Back in the 1920s, an Italian general named Giulio Douhet came up with the theory that by massively bombing an enemy, you could win a war without troops. His theory, which was refined into the concept of strategic bombing, was that by bombing the enemy, especially his deep targets – infrastructure and cities – you would inflict massive damage and destroy their will to fight. It certainly sounded like a good idea, and for most of the Twentieth Century that was what we tried to do. It didn't work in Germany or Japan, it didn't work in Korea or Viet Nam or Serbia, and it didn't work in Iraq the first time. In every case it became necessary to send in the troops. Fortunately, by the time we got to Desert Storm, everybody knew that this was going to be necessary. Bombing could still be extraordinarily useful, but it was not going to help the Kurds on its own.

By Wednesday afternoon we were beginning to develop a pretty good feel for what was going on and the Iraqi strategy. Saddam Hussein had two corps of Republican Guards armored and mechanized troops in the field. This worked out to about six divisions, though they were all considerably smaller than an equivalent American division. Still, that was about 75,000 troops, and 1,000 T-72 tanks, and lots of other older tanks, armored personnel carriers, and trucks. They were split into two groups, and were trying to pincer Kirkuk between them, so as to envelope it. Chemical weapons were being used in isolated Kurdish towns and cities, but not in areas the Guard planned to move forward through. It was standard Russian doctrine, because that was where they got most of their equipment and training from.

By the morning of the 16th some of the real horror began becoming known to the rest of the world, as Iraqi civilians began arriving after fleeing the areas which had been hit with mustard gas. The chemical burns and blisters were so horrible that most of the media refused to show it. Not all, however, and some of the tabloids ran front page pictures in full color, which was enough to make you vomit. After that, the others started showing them also. We also started getting reports of American casualties along with Peshmerga troops caught by the mustard gas, and found out that Bismarck Myrick, our Special Envoy, was one of those who had died. Condi Rice told me that, and I promised her that we would do right by his family.

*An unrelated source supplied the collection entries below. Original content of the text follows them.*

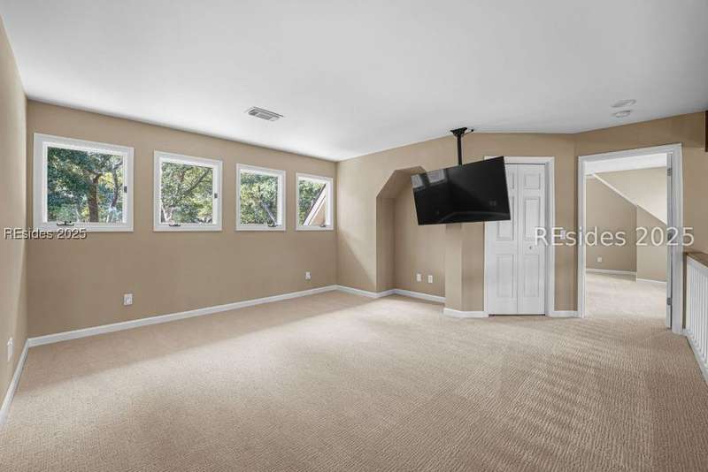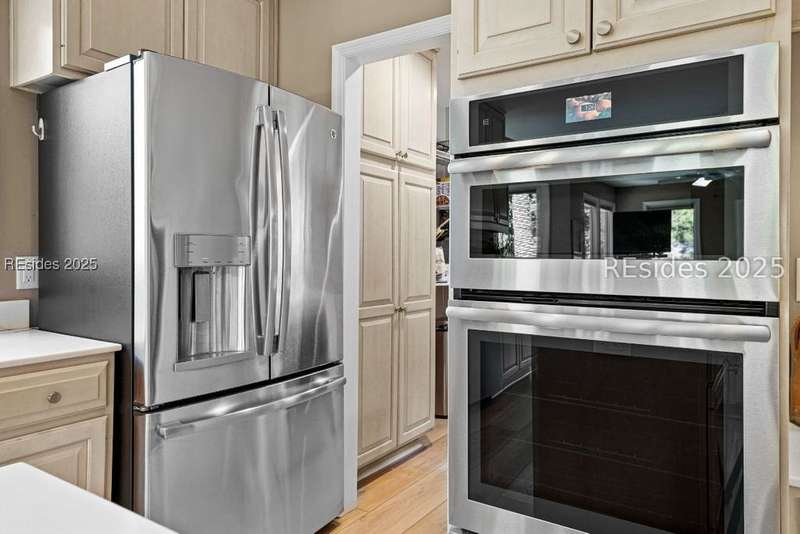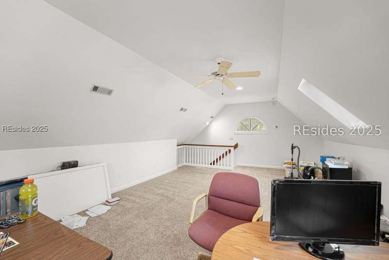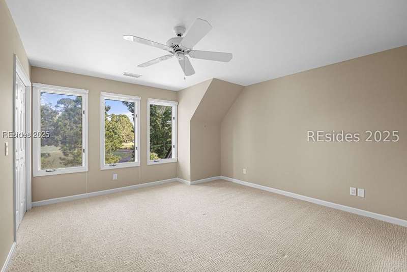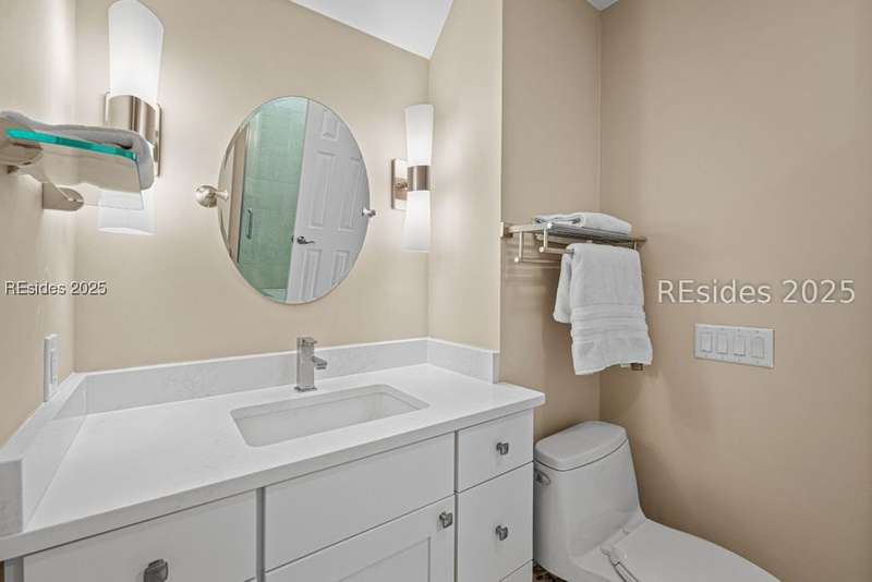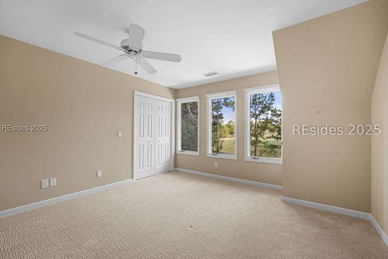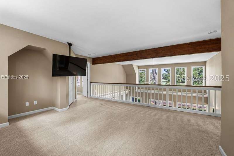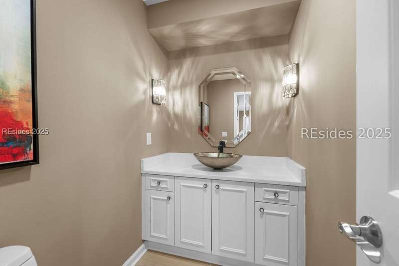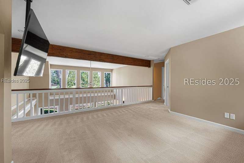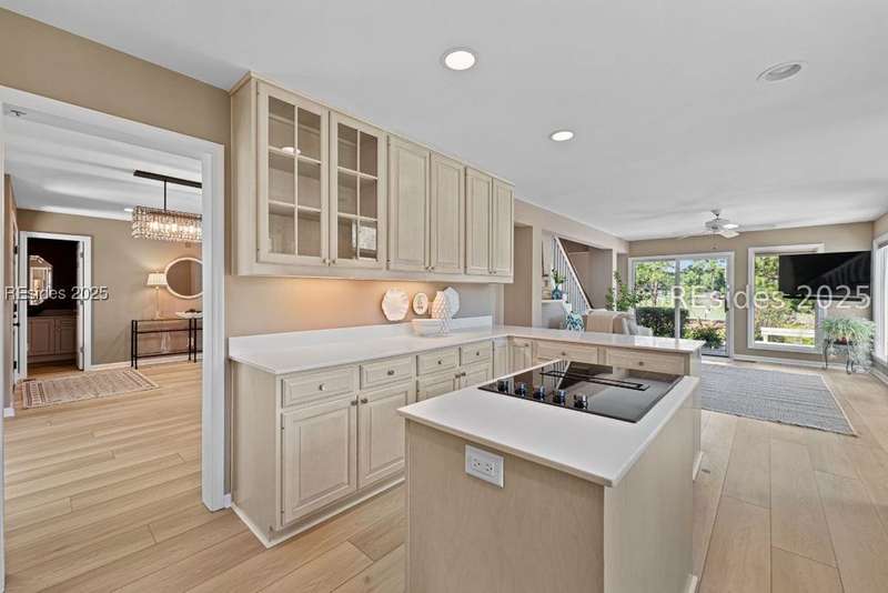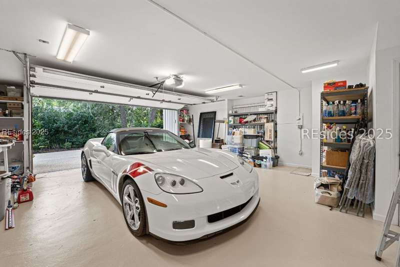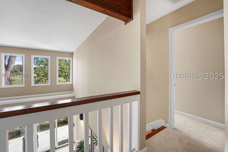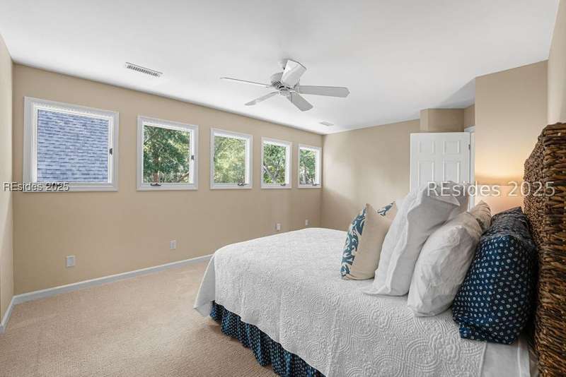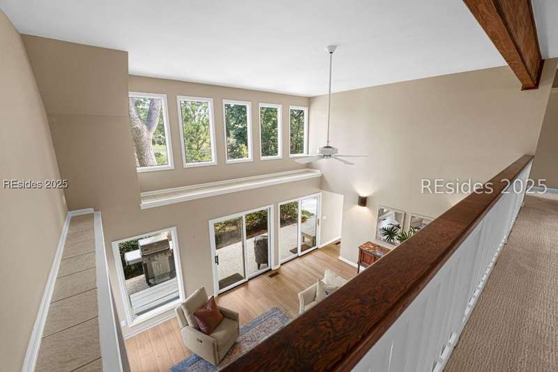 An extraordinary Lowcountry residence crafted by the acclaimed architect Kermit Huggins, offering expansive views of the 10th green of Oyster Reef Golf Course. This timeless home showcases distinct elements of Huggins' modern architecture, highlighting clean lines, warm neutral tones and a harmonious balance with nature, influenced by mid-century European aesthetics. Floor-to-ceiling windows and doors flood the home with natural light and allow for outstanding views of the lush and serene, private backyard. This spacious and well-appointed home has been meticulously maintained. The thoughtfully designed eat-in kitchen connects to a cozy family room. Adjoining is the open concept living room with soaring ceilings overlooking the backyard. The formal dining room is ideal for entertaining. The primary suite is conveniently located on the first floor with 3 additional guest bedrooms on the second floor along with a loft/living area. A spacious bonus room is located above the garage that can serve as an office or a 5th bedroom. Outdoor living is enhanced by a wrap-around patio adorned with plants and shrubs, a haven for butterflies and hummingbirds. The home is a masterpiece of Huggins, an intentional work of art designed for modern day living with exceptional views of the Lowcountry landscape from every room.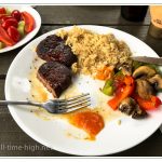 Nachdem wir uns erholt hatten ging es zurück auf den Campingplatz und ich durfte das dortige BBQ benutzen, um unsere Steaks zu grillen. Ein Vier-Flammen-Gasgrill mit Seitenkocher und Backburner. Coole Ausstattung haben die da am Platz. Es gab Filet mit Reis und Gemüse. Gut, der Reis kam nicht vom Grill, sondern aus der Mikrowelle.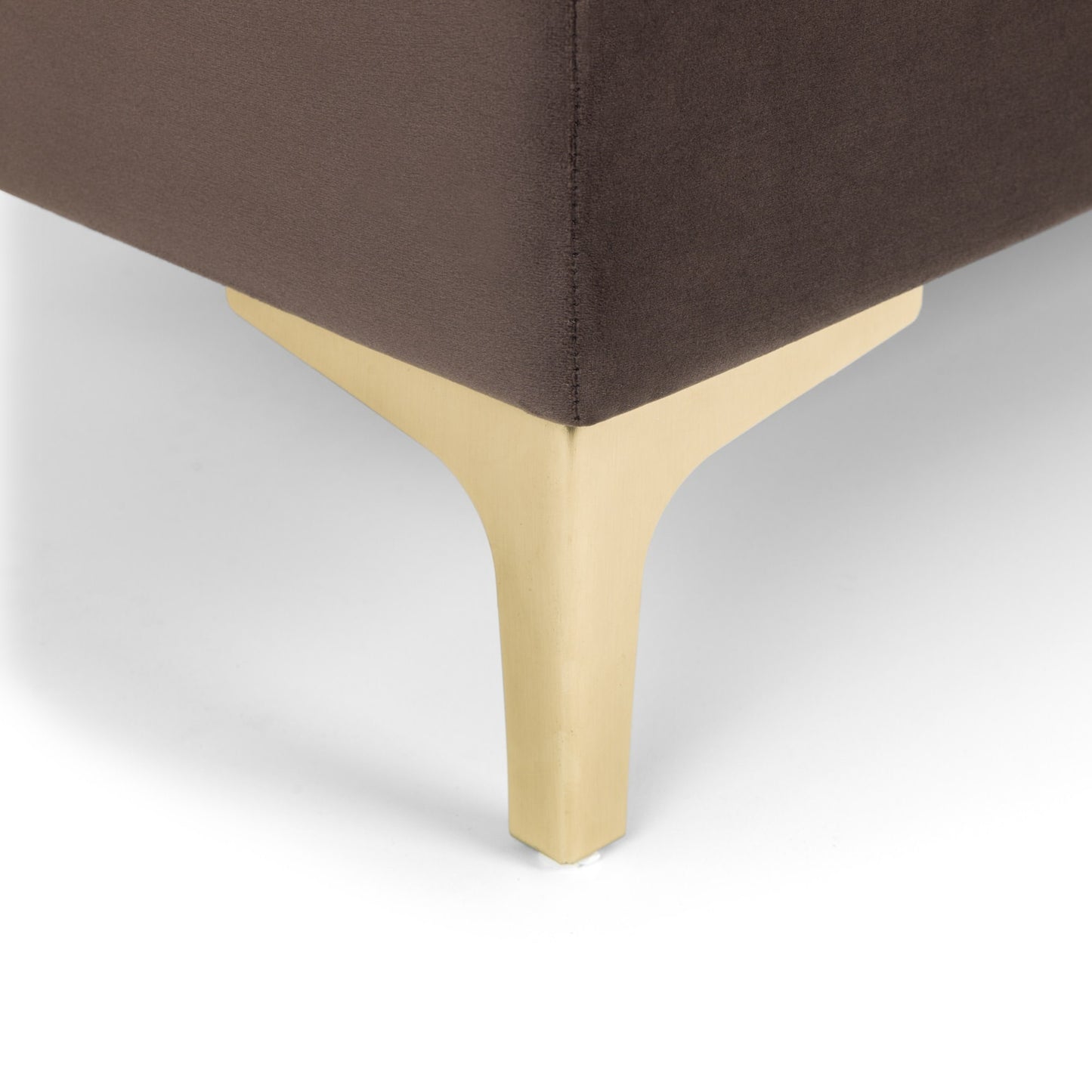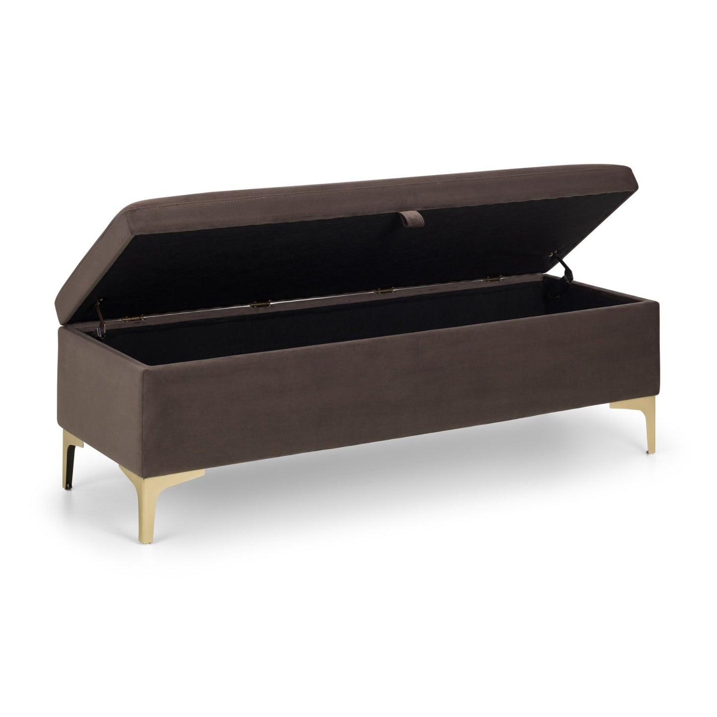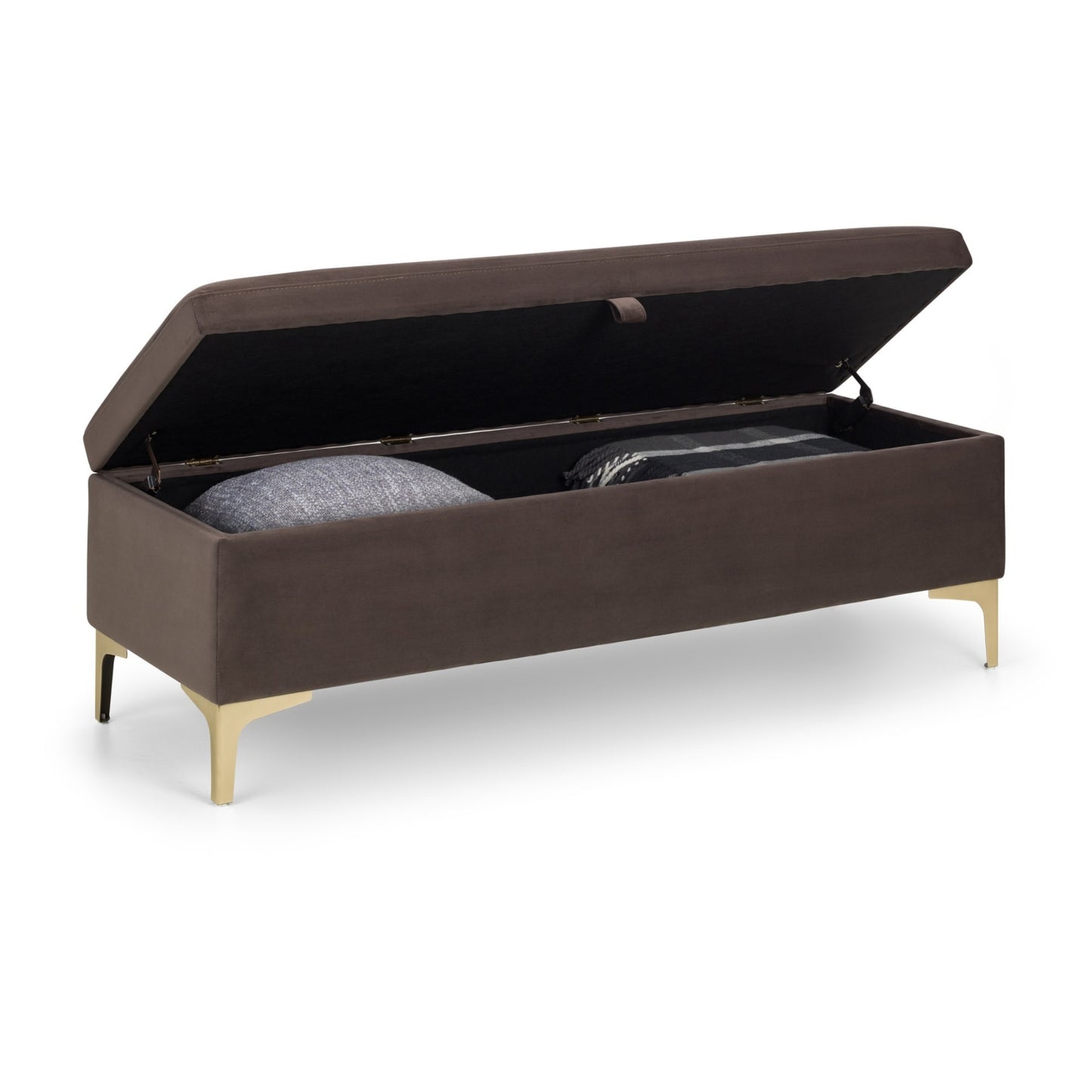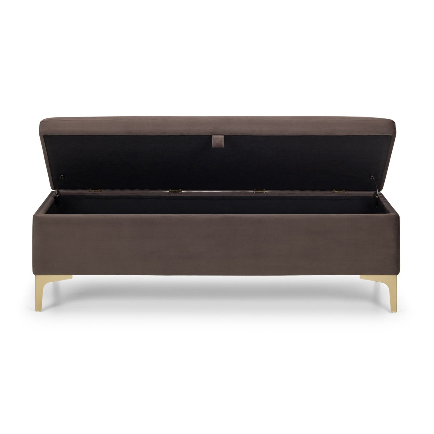 Perfectly proportioned to sit at the end of the Julian Bowen Deco bed, this contemporary Deco blanket box is upholstered in a truffle velvet fabric with complimentary gold metal legs. This contemporary design offers a unique, timeless appeal. The perfect storage for your cushions, linens, or duvets with the ease of soft close hinges.

It took a full day to fly the lead elements of the 82nd to Incirlik in C-17s, where they then transferred to smaller and handier C-130s for the flight to Erbil. Erbil was far enough from the front that it wasn't in danger of being immediately overrun. They were offloaded there, and then carried on whatever local transportation they could beg, borrow, or steal in order to get to the front. The Peshmerga were fighting valiantly, but Kalashnikovs and RPGs were not going to cut it against T-72s, and they were falling back. The battle plan was that the infantry forces we were sending in first would be able to stabilize the front lines long enough that our armored and airmobile stuff coming in from Europe would be able to break the Iraqis.